More couples look
before taking leap
By AVA GACSER, Home
News Tribune Online, July 19, 2005
New Brunswick, NJ -- Beverly
Baskin of BBCS Counseling Services, a company specializing in marriage, career
and addiction counseling in Central New Jersey, has noticed several trends
during the last few years.
The first, she said, is that people are putting off marriage until they're
older. The second trend is that many couples are more likely to seek
premarital counseling.
And, she said, she has found that many young people want to live together before
marrying.
Her observations fit well with a new study by the National Marriage Project at
Rutgers University, which found that the divorce rate in the United States is
falling.
In the report released today, the co-directors of the project say they're glad
the divorce rate is on the decline. But report authors David Popenoe and
Barbara Dafoe Whitehead are concerned that more people are living together
without marrying, and especially worried about children of those relationships.

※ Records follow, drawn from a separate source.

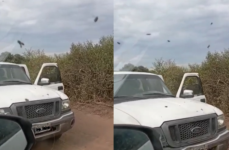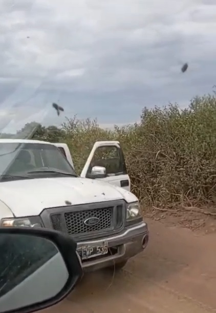Un grupo de hombres que circulaba en una camioneta Ford Ranger blanca fue sorprendido por un enjambre de abejas.
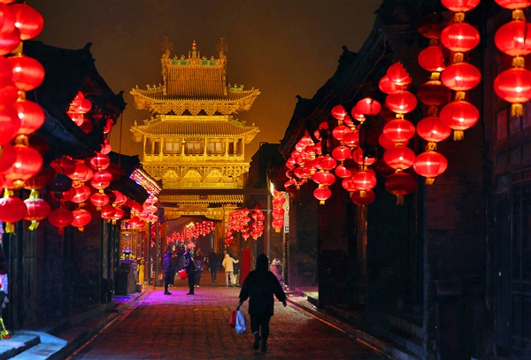 红火的平遥古城依旧热闹,滋养着各类文化元素生根发芽。挂起一串红灯笼,尝一口“亲疙瘩”,游览晋商古院,品味《又见平遥》……古城文化为平遥带来了更加旺盛的生命力,在“平遥年味”里,勾勒着幸福的模样。
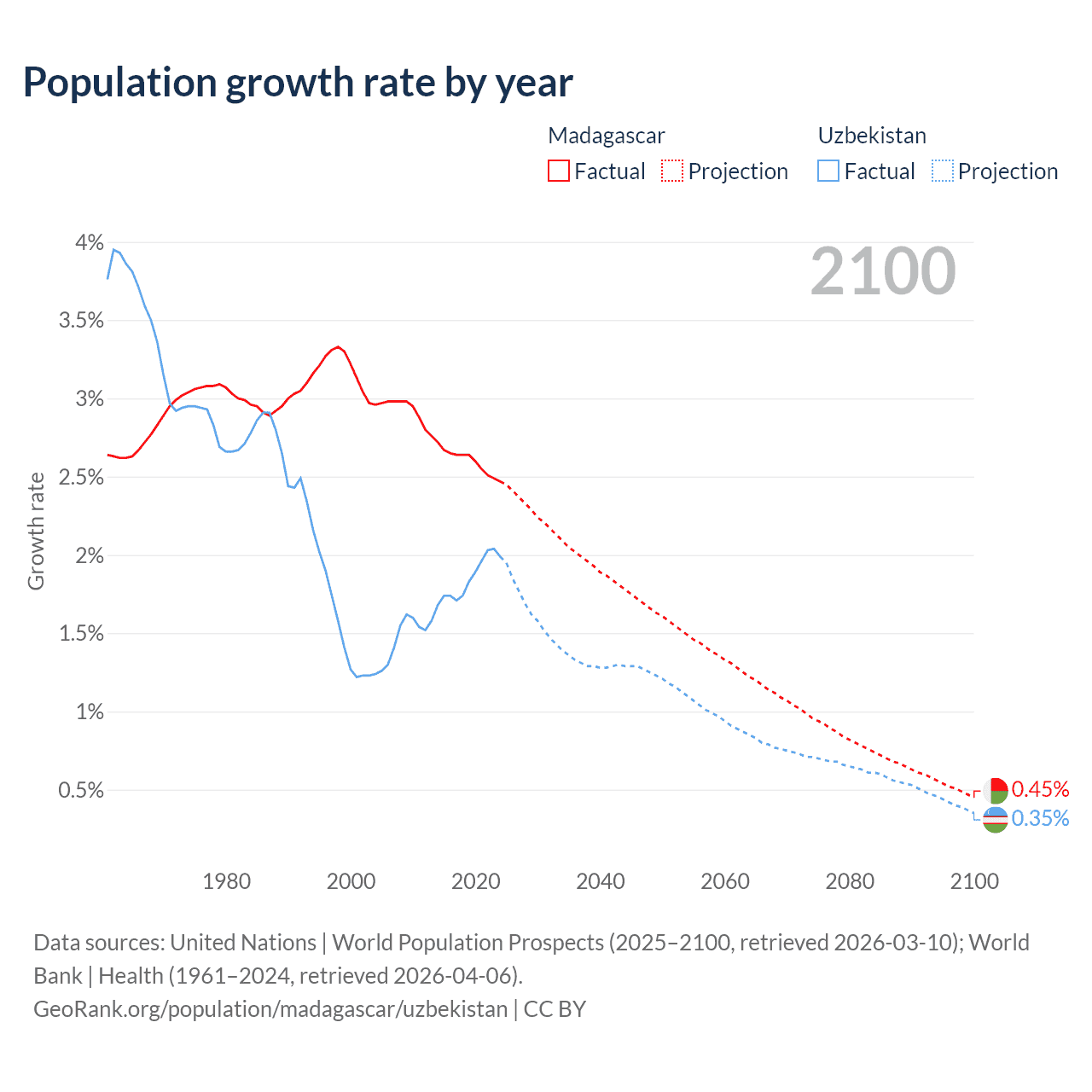 - For the last 10 years, Madagascar has had an average growth rate of +2.6% per year vs +1.85% in Uzbekistan.
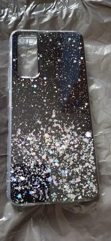 На удивление пришло быстро Спустя недели 2 до Киева Выглядит насыщеннее(чёрный тёмный, блёсточки блестят... вау), чем я ожидала и это лайк Правда кое-кто тупанул и думал, что блёстки в водичке :")))) но так даже безопаснее, мало треснет А так, чехол как чехол чо бубнить-то Нормас
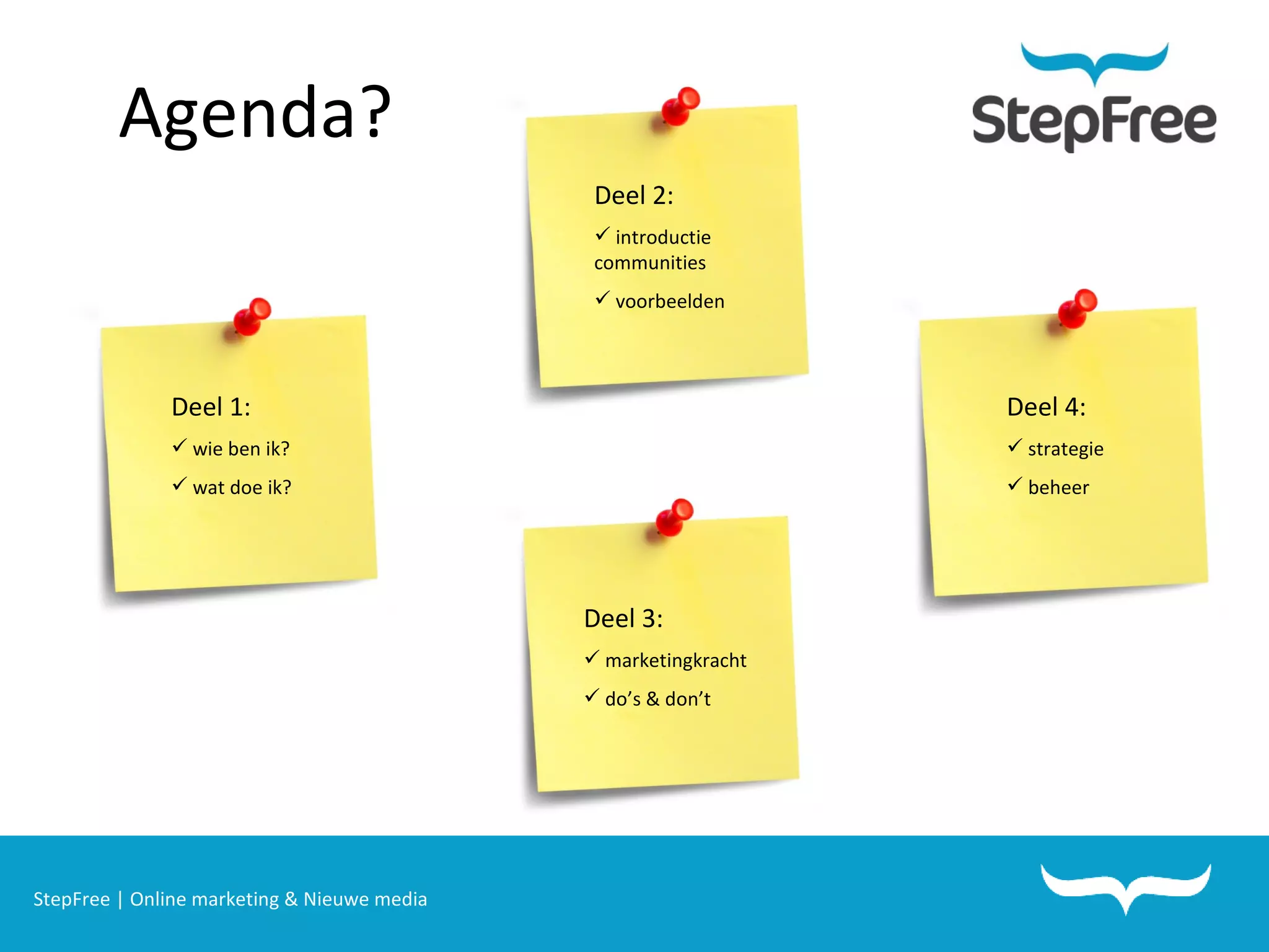 StepFree | Onlinemarketing & Nieuwe media Deel 2 Introductie in communities Diverse voorbeelden

The study analyzed data gathered by the U.S. Census Bureau and other
researchers.
The divorce rate in 1960 was about 9 per every 1,000 married women. It
increased to more than 22 in 1,000 by 1980 and has steadily declined since, to a
little under 18 per 1,000 in 2004.
Meanwhile, the number of cohabiting, unmarried, opposite-sex couples has climbed
from 439,000 in 1960 to more than 5 million.
At the same time, the marriage rate has fallen from 1976, when 77 out of every
1,000 single women were wed, to less than 40 per 1,000 last year.
In an interview yesterday, Popenoe said the couples who have not exchanged
wedding vows are twice as likely to split up — an important factor considering
many experts agree that children living with both biological parents do best.
Popenoe and Whitehead also say that couples who live together before tying the
knot are more likely to divorce, which is why they oppose that practice, too.
But Baskin said "A lot of the young people I talk to just in general want to
live together — even if it's only for a few months — before marriage."
And there are benefits to the practice, she added. Couples experience the
"practical things" in a marriage or partnership, she said, such as paying bills,
sharing paychecks, and maintaining joint or separate bank accounts.
Melissa Meswick, 28, of Franklin Park, and her fiance moved in together this
spring. A major factor in her decision-making was, once again, finances.
Meswick and William Shaw decided to live together because they want to buy a
house.
"We decided once we got engaged to just go ahead and move in together so that we
could save money," she explained.
Although Meswick was already engaged when she and her fiance combined
households, she said both families had preconceived notions about couples living
together before marriage.
"My mom always thought you should be engaged before you move in together, and
his family felt the same way," she said. "But I think had it worked out
that we'd moved in together before we got engaged, it wouldn't have been that
big of an issue."
Meswick said some people have told her that living together before marriage is a
good idea, and others have warned against it. And although she and Shaw
have dated for over a year but have only lived together a few months, she says
"It's worked out wonderfully.
Robin Rushfield, 55, of East Brunswick is the contact person for Passages, a
self-help group for separated and divorced adults that meets in Spotswood once a
week. She was referred to the group while going through her own divorce
several years ago.
Rushfield believes that society's changing attitudes about marriage are
contributing to behavioral practices.
"I think that especially older people — the taboos on "living in sin,' so to
speak, are much less prevalent," Rushfield said. "Nobody feels that it's a
terrible thing, that it's a stigma to live with somebody without benefit of
wedlock. Social Security benefits are different if you're married, so more
people talk about not needing to be married."
Rushfield has a significant other, but they live apart. Finances also play
a role in her decision not to marry.
"I don't want to compromise my children's inheritance, and I don't expect to
inherit anything from him," she explained.
Since joining Passages in 1998, Rushfield said she has noticed that many of
those divorcing have been married from 15 to 35 years.
She also pointed out that the study's data may not be a true reflection of
divorce and cohabitation rates in New Jersey.
"This could also be an East Coast phenomenon," she said. "This is
(essentially) New York . . . I don't know if it holds (true) in Idaho."